The newspaper notes that the pope’s remarks were made just a few days after he traveled to Hungary, a country that has multiple prominent political parties that feature crosses on their flags.
"The cross is not a flag to wave, but the pure source of a new way of living," the pope said, noting that a Christian "views no one as an enemy, but everyone as a brother or sister."
He also said that "in the eyes of the world, the cross represents failure, the latest proof that the course of events in our world does not change: The good are cast aside, and the wicked prevail and prosper."
The pope asked, "How often do we long for a Christianity of winners, a triumphalist Christianity that is important and influential, that receives glory and honor? Yet a Christianity without a cross is a worldly Christianity and shows itself to be sterile."

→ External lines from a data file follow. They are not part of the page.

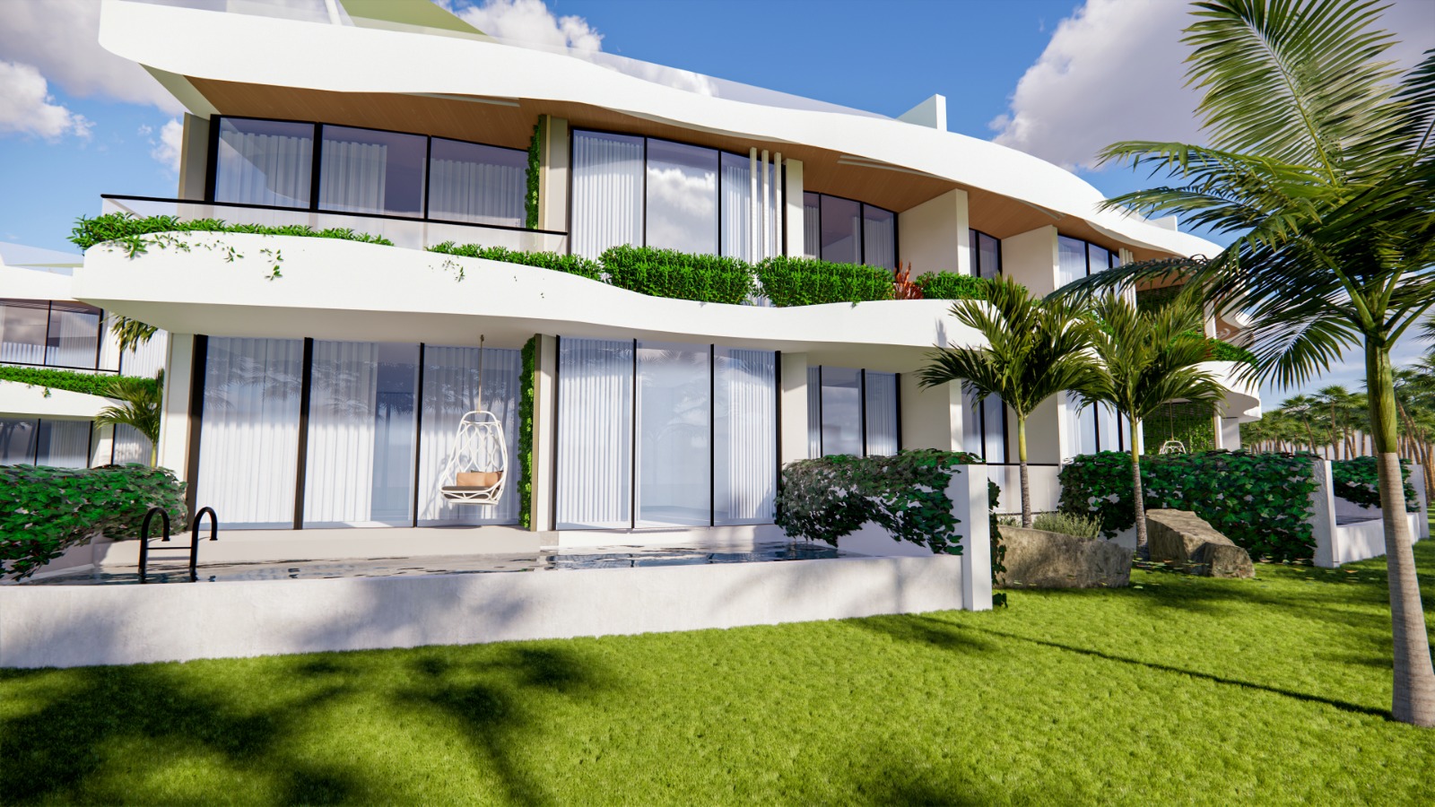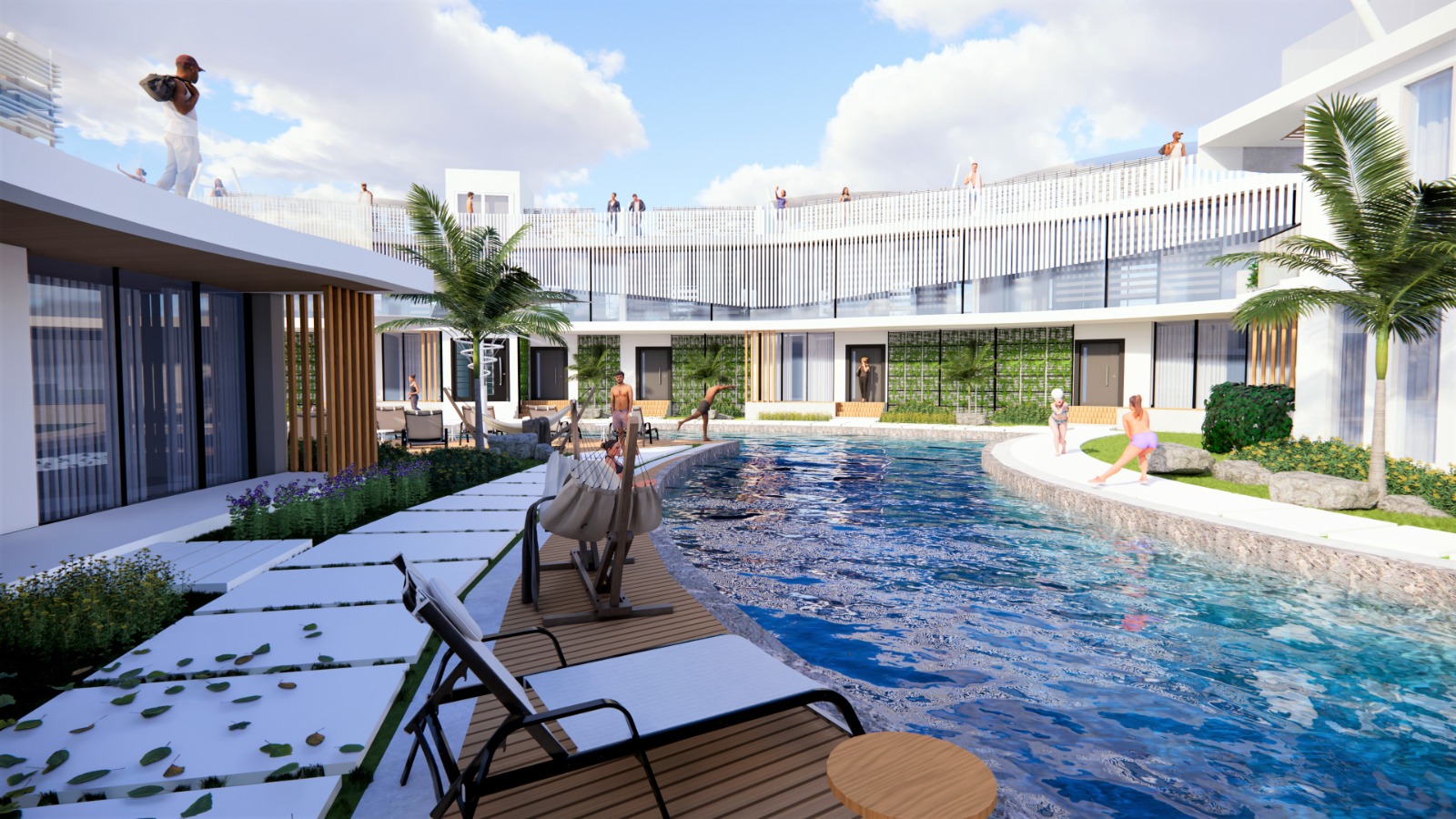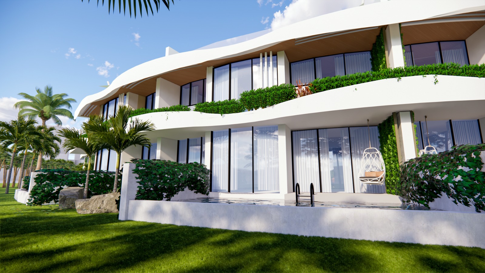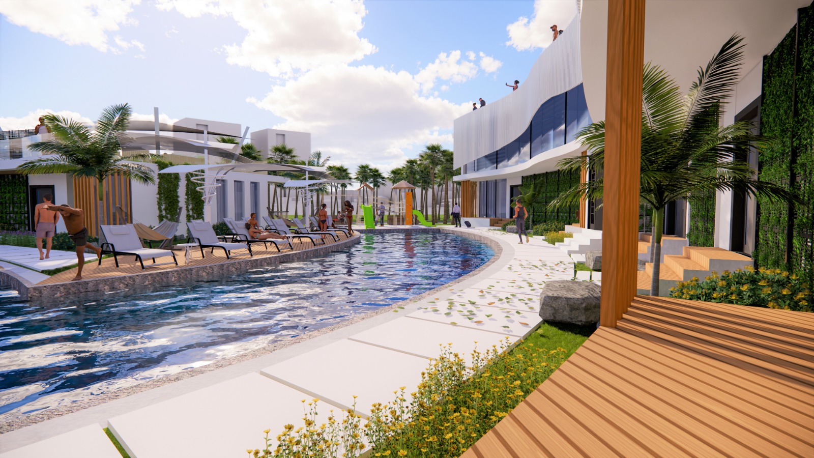 Zwembad van 435 m2, beveiligde ingang, appartementen op de 1e verdieping met een privéterras, appartementen op de begane grond met een privétuin, zwembad en speeltuin voor kinderen, privéparkeerplaats voor elk appartement, groene zones, bar bij het zwembad, direct uitzicht op zee vanuit de appartementen in blok A, optie privézwembad voor de appartementen in blok A, afvalwaterzuivering, AC-infrastructuur, verwarmde vloer in de keukens, woonkamers en badkamers in alle appartementen.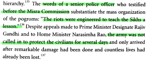 (1) Here are the words of a senior police officer regarding the 1984 genocide. In addition, Rajiv Gandhi did not immediately call the Indian army to protect the Sikhs as he could have. Source: Inderjit Jaijee, Politics of Genocide, 2-11, 31, https://t.co/ot2XaodYqX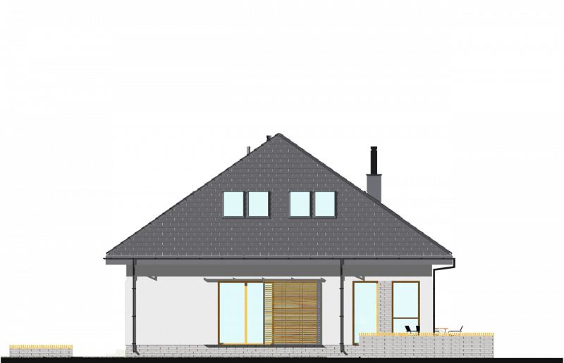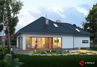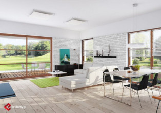 Projekt domu z poddaszem o kącie nachylenia połaci 35 stopni, z salonem połączonym z dużą kuchnią z jadalnią. Dodatkowy pokój na parterze można wykorzystać do pracy lub jako sypialnię. Na poddaszu zostały zlokalizowane trzy sypialnie, w tym jedna z dużą garderobą i łazienką, oraz duża wspólna łazienka.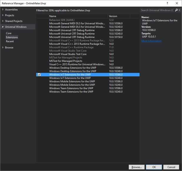A continuación necesitaremos las librerias para comunicarse con los pines GPIO de la Raspberry Pi. Microsoft ya ha proporcionado a nosotros con una biblioteca que nos ayudará a hacer esto. Haga clic derecho sobre la entrada de referencia en el proyecto y haga clic en "Agregar referencia...". Marque la casilla delante de la entrada "Windows IoT extensiones para el UWP" y haga clic en Aceptar. Ahora se hace referencia a los libs.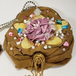 Brown Coin Purse with Pink Satin Flower, Gems & Gold Leaf – Statement Mini Bag
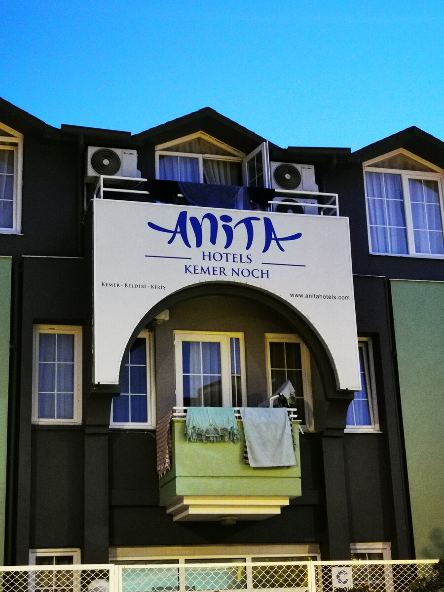 Анита заявлена, как четырех звёздочный отель, по факту вялая тройка! Тем, кто ездит отдыхать с детьми точно не сюда. Территории нет, развлечений нет. Отель не предназначен для постоянного в нем нахождения. Прийти переночевать не более.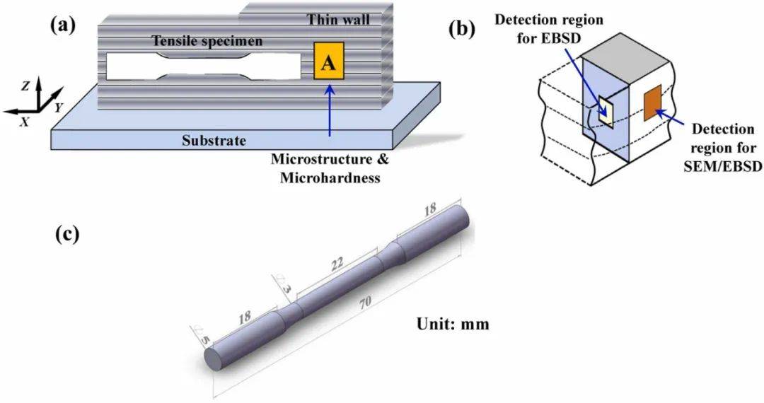 圖2 試樣位置示意圖:(a) Al-Zn-Mg-Cu合金沉積試樣;(b)(a)項(xiàng)A領(lǐng)域詳情;(c)拉伸試樣尺寸。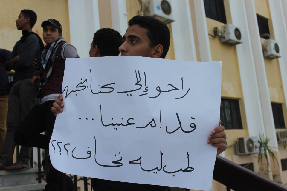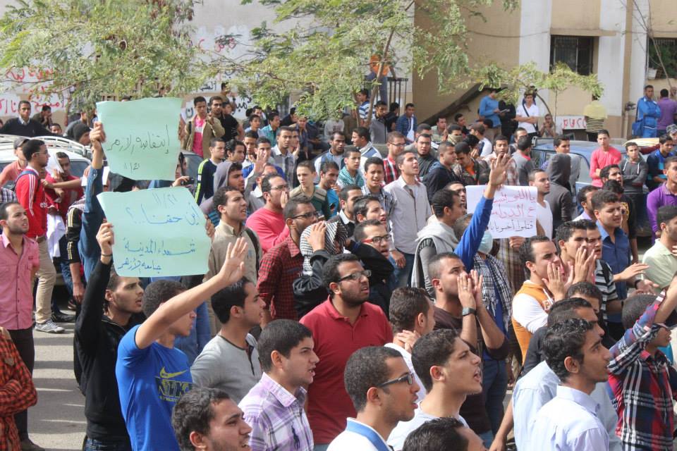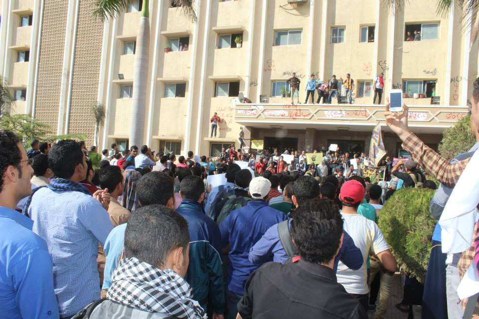 و طافت المسيرة أرجاء الجامعة وتوقفت عند مبنى كلية طب ومبنى الادارة والهندسة الميكانيكية , مرددين هتافات مناهضة لشيخ الازهر ورئيس الجامعه و الفريق أول عبد الفتاح السيسي , منها "احنا الازهر ودى كلمتنا .. بابا الازهر تحت جزمتنا" يا اوسخ اسم ف الوجود .. داخلية.. يا اوسخ من اليهود .. داخلية.. هتعيشوا حمير وتموتوا حمير " ," اوعى تصدق تليفزيوننا .. دوول قتلونا وصفوا عيوننا"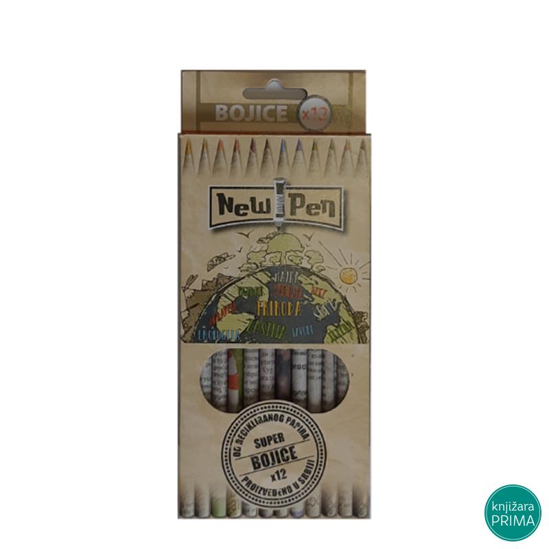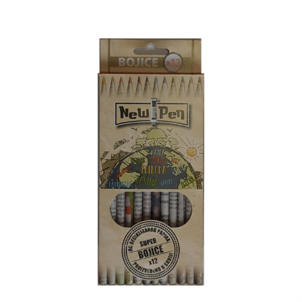 Eko bojice od recikliranog papira NewPen grafitne olovke i bojice su napravljene od recikliranog novinskog i drugog recikliranog papira. Ovakav način proizvodnje olovaka i bojica u prvi plan stavlja zaštitu životne sredine i to na sledeći način: Očuvanjem šuma: ne koristi se drvo - ne seče se drveće čime se usporava proces globalnog zagrevanja i ne stvara se otpad Reciklažom: reciklirani papir se koristi u proizvidnji Ponovnom upotrebom: već upotrebljeni reciklirani novinski papir sada dobija novu primenu u olovkama Svaka bojica je unikat! Ekološki proizvod napravljen u Srbiji.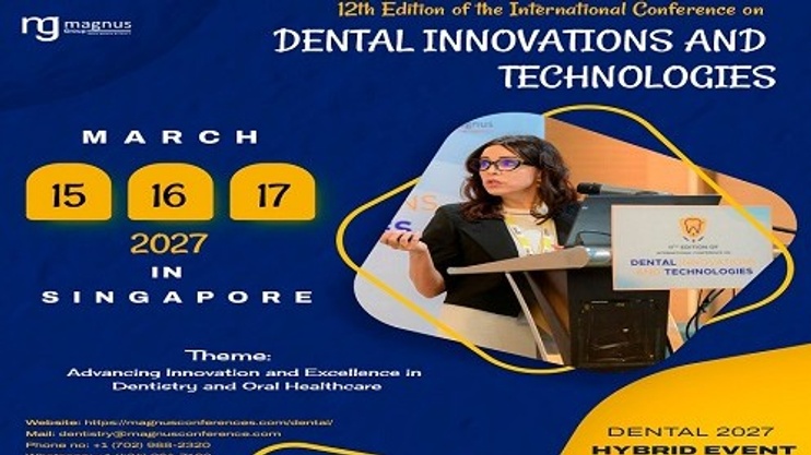 The 12th Edition of the International Conference on Dental Innovations and Technologies (Dental 2027) will be held from March 15–17, 2027, as a premier global platform dedicated to advancing modern dentistry. Organized under the theme “Advancing Innovation and Excellence in Dentistry and Oral Healthcare,” the conference highlights the integration of advanced technologies, sustainable practices, and patient-centered approaches in oral healthcare.

He went on to say, "Crucifixes are found all around us: on necks, in homes, in cars, in pockets. What good is this, unless we stop to look at the crucified Jesus and open our hearts to him … and we weep before the God wounded for love of us?
"Let us not reduce the cross to an object of devotion, much less to a political symbol, to a sign of religious and social status," the pope said. "If we fix our gaze on Jesus, his face comes to be reflected on our own: His features become ours, the love of Christ wins us over and transforms us."